Son varios días de montar a caballo avanzando en caravana; van las dos muchachas que siempre la acompañan para todas partes, el tío y su señora, tres niños quienes son hijos del tío y un amigo de unos cuarenta años de edad. Cabalgan por el camino de Mongua a salir a Labranzagrande, una de las entradas a los llanos.

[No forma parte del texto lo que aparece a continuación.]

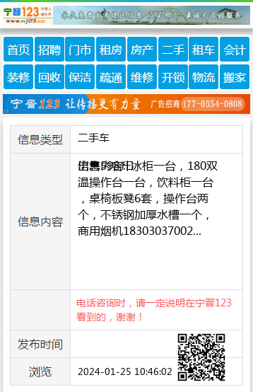 出售598升冰柜一台,180双温操作台一台,饮料柜一台,桌椅板凳6套,操作台两个,不锈钢加厚水槽一个,商用烟机18303037002 【电话咨询时,请一定说明在宁晋123看到的,谢谢!】 |

Las haciendas de Margarita en los llanos tienen cada una su mayordomo. Son tres grandes fincas en estas tierras planas. “La Princesa” es una de ellas. A medida que avanzan por la montaña charlan amenamente y se detienen en las posadas a descansar.  Viste pantalone de hombre, sombrero alón y el pelo recogido dentro del sombrero. Desde lejos parece un muchacho. En la alforja guarda el baulito, el misal y la mantilla por si tiene que asistir a misa en el pueblo de Orocue. Son cuatro días para llegar a los llanos. Cuando arriban  al alto, miran hacia lo profundo…el cielo está despejado, no se ve ni una nube, es de un color azul intenso, y sube una corriente de aire caliente que se siente cuando besa la cara.
-¡Mire los llanos!
-¡Tan bonito!
Mañana llegan al pie del monte llanero. Entran por “el Morro”, un  caserío muy conocido por los viajeros.

Empieza a hacer calor. Margarita se suelta el pelo. Ahora  parece una mujer aunque vista de hombre.  Jaime Arturo Chaparro, es hermano de la  mamá de Margarita, como dicen, tío por parte de la mamá, es un buen conversador con su amigo Ernesto Suesca quien es un  comerciante de Sogamoso. Es soltero pero es conocido por los amores que ha tenido hasta el momento.